I’ve always been a shy and reserved person. I call it observing my environment before reacting, others call it being an introvert. My shyness never stopped my excitement and passion for music and television. I never imagined I would combine my work ethic and passion to land opportunities in the entertainment industry, but it happened. From my very first internship experience, I noticed the industry is filled with big, beautiful personalities, both on and off the screen. Especially in PR, your job is to connect the dots and build meaningful relationships throughout your career. Initially, I had doubts that I would ever be able to succeed in entertainment PR because of my reserved manner. I muted my doubts one night by saying to myself, “Ciara, you’re not the first reserved person that wants to work in entertainment.” Also, “why don’t you look at the positive side and see how your introversion could be a superpower in the industry?” From there, I knew it would be a challenge but possible.

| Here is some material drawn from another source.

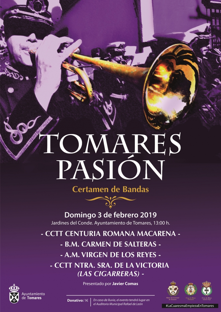 Los amantes de la música cofrade no pueden perderse el singular certamen de bandas de cornetas y tambores “Tomares Pasión”, que tendrá lugar el próximo domingo, 3 de febrero, en los Jardines del Conde de Tomares. Como magnífico anticipo de las bellas composiciones musicales que podrán escucharse en la Semana Santa sevillana acompañando a los titulares de algunas de las Hermandades con más devoción y tradición, cuatro de las agrupaciones musicales cofrades más reconocidas se reúnen en Tomares para ofrecer un certamen benéfico: la CCTT Centuria Romana Macarena, popularmente reconocidos como los “Armaos”; la Banda del Carmen de Salteras, la A.M. Virgen de los Reyes y la CCTT de Ntra. Sra. de la Victoria, conocida como “Las Cigarreras”.

I have met other young professionals who identify as introverts that have accomplished amazing things in the entertainment industry. Chelsea Maddred, NYU Class of 2020 shared her personal experience stating, “Trying to break into an industry that thrives on big personalities has definitely been a challenge as an introvert. While I know that my introversion allows me to bring a different set of strengths to the table, at times it feels as though it holds me back. Networking events, for example, can be a bit draining for my social battery, and in an industry all about connections they happen a lot. I tend not to speak much in those larger groups, which makes it harder to stand out and be memorable. While initially this felt like a disadvantage for me, I learned to ask more questions, listen intently in group conversation, and take the time to notice the details about others. This way I can reserve my energy since I don’t have to say much and I have a lot more to speak to when I connect with those people later on in smaller groups or one-on-one settings where I’m more comfortable.”
Networking can be difficult for anyone but being around bigger crowds can make it more nerve-wracking. My best advice is to not feel like you have to walk out of a networking event with dozens of contacts. Observe the room, make yourself comfortable, think about your elevator pitch and how you want to approach people.

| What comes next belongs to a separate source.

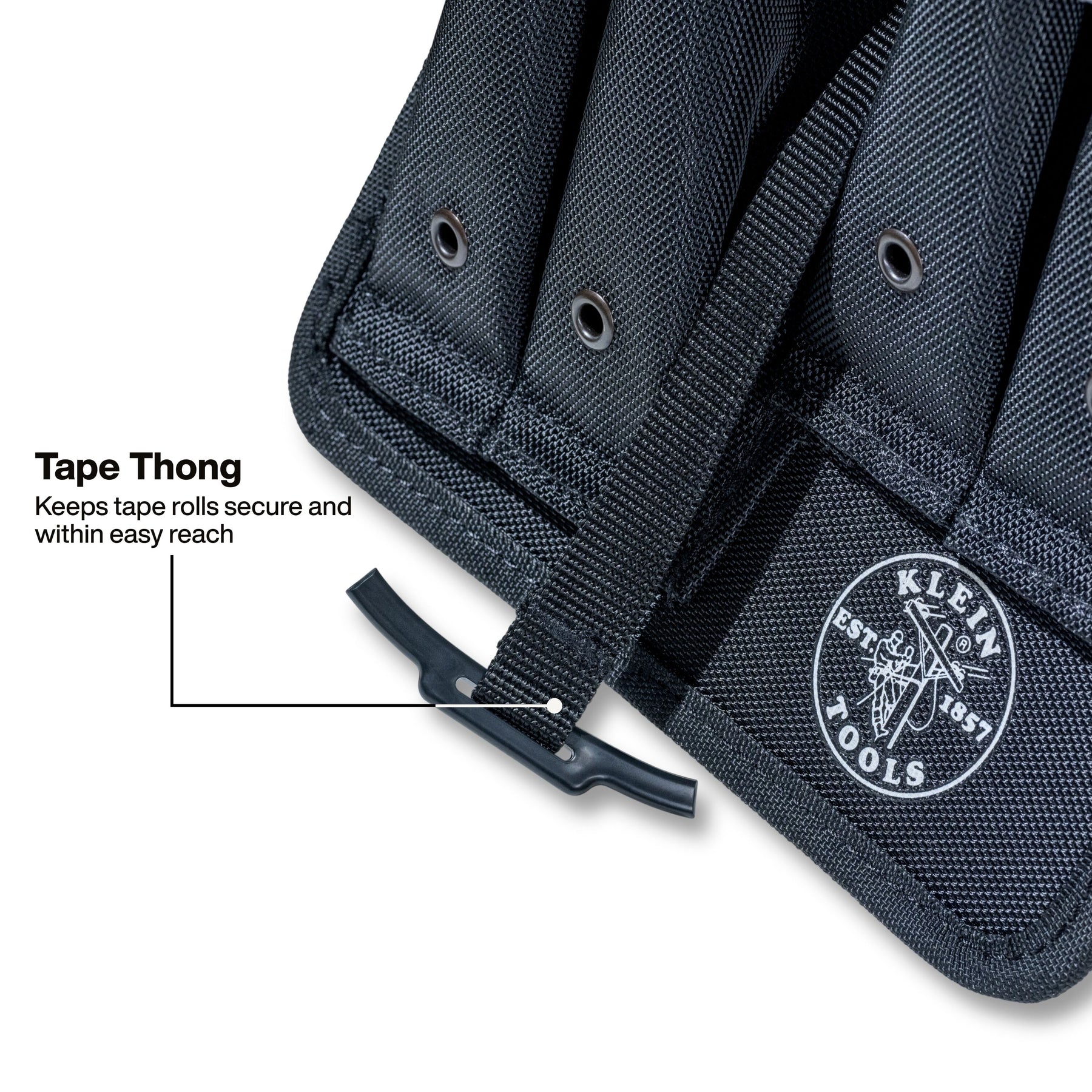 Klein Tools Mini Apron keeps essential tools close and organized in tight spaces. This lineman tool apron features two large and two small pockets for flexible storage, while the integrated tape thong ensures quick access to tape. Built compact, stackable, and BWC S-Hook compatible, it's made for efficient aerial work.

I also want you to repeat the following statement three times: introversion does not make someone an inefficient communicator. Introversion, at least for me, allows me to think before I speak. It allows me to make a plan strategically about who I want to build a relationship with. My advice to a young professional who may doubt their power in the entertainment industry is you’re lucky to be in an industry that allows you to express yourself fully. If you don’t see the space or community you want, make it for yourself. Everyone is figuring things out as they go, no one has the exact right answer. You’re growing, and still finding your grounding, remain yourself and work hard.
I’ve seen throughout my experiences that my ambition ALWAYS reduces my introversion. At the end of the day, you are your advocate in this industry. Especially at the beginning of your career. Your introversion will not stop you from speaking up for yourself and your passion project, your fear will. You are in power of your success, never forget that.
Sometimes working in the entertainment industry can be fast paced and hectic but it will challenge you to evolve as a professional and a person. If you dream of being the next Shonda Rhimes or Yvette Noel-Schure, don’t let your fear or introversion overrule your decision. You got this!